Owning a home is a dream that almost all of us have. Whether because you are tired of renting and landlords, or because you just want a place to call your own, buying a home is often the most meaningful purchase you can make. Bad credit should not stand in the way of your dream. Fill out our free short form to contact up to four lenders about your bad credit mortgage today.
Apply Here – Check out our short form – free quote request
If you have experienced bankruptcy or have bad credit, you may believe that
you will not be able to qualify for a mortgage. This is not necessarily true.
There are many loans available that make it easier than ever to qualify for
a mortgage. For example:
- Federal Housing Administration (FHA) insured mortgage
- Veterans Administration (VA) insured mortgage
- Adjustable rate mortgages
- Secured loans
Secured loans, or loans that use a home or automobile as collateral, can help those with bad credit qualify for a loan because, like the insurance provided with FHA loans, this type of loan reduces the amount of risk to the lender.

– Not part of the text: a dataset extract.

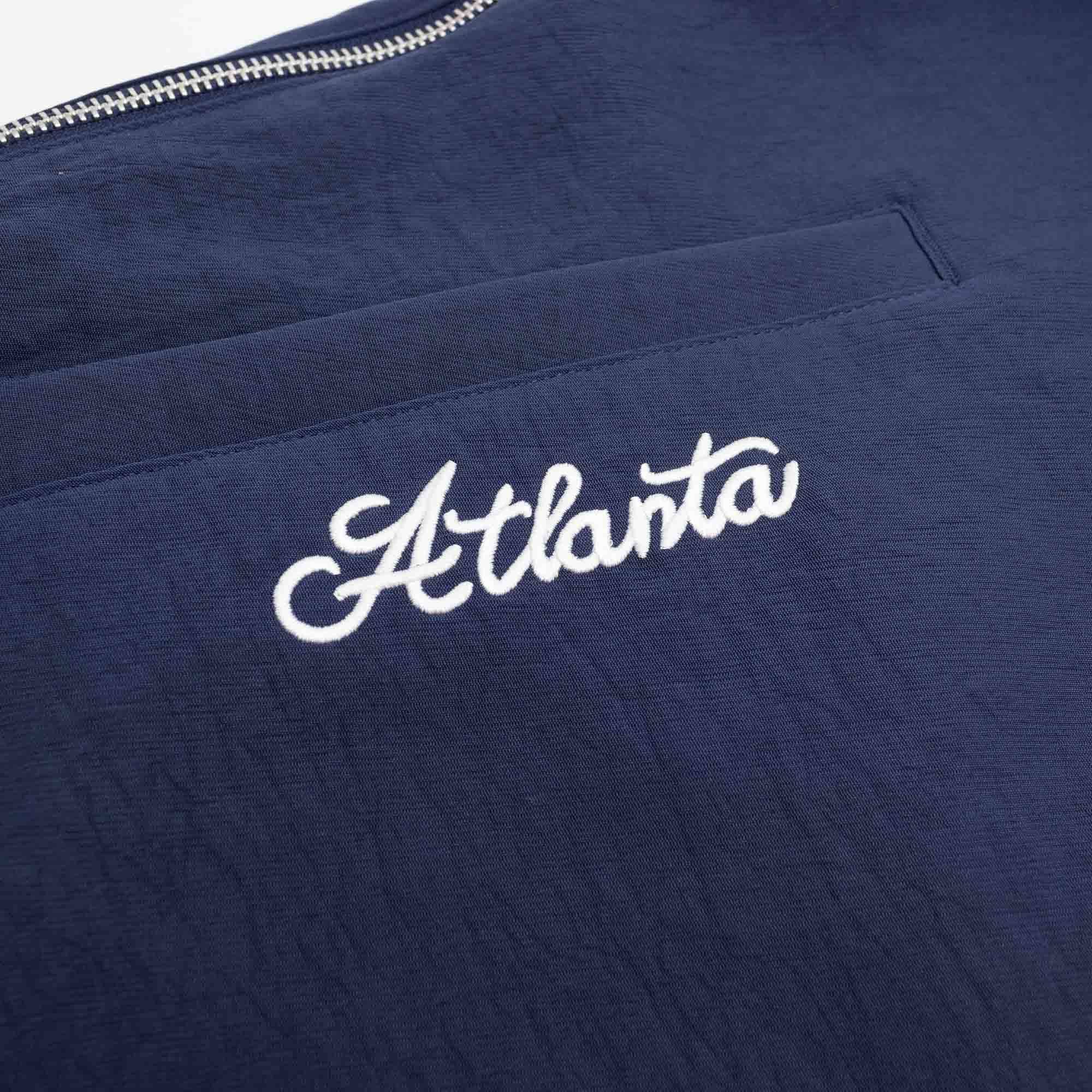 The Nike Authentic Collection Bomber Jacket is an absolute must-have for your 2024 team outfit. The Atlanta Braves team logo is expertly embroidered on the left chest, while the back impresses with the MLB batterman logo. The ribbed sleeve ends are coordinated in the team colors, providing a classic contrast to the jacket's main color. Nike logo embroidered on right chest, team name emboirdery above right side pocket.

The benefit of this reduced risk is passed on to you through lower interest rates.
Adjustable rates have more lenient qualifying criteria than fixed rate mortgages. Fixed rate mortgages have a constant interest rate that does not change throughout the life of the loan, ensuring that your monthly payments remain the same from start to finish. An adjustable rate does not have the same security, but relaxed qualifying standards and low introductory interest rates make this type of loan worth certain risks, especially if you are having a hard time qualifying for a fixed rate mortgage. If interest rate indexes drop over the years or if you plan on moving within five to seven years, an adjustable rate loan can save you money. There is a risk that interest rates will rise, but adjustable rate loans come with rate caps to minimize this risk.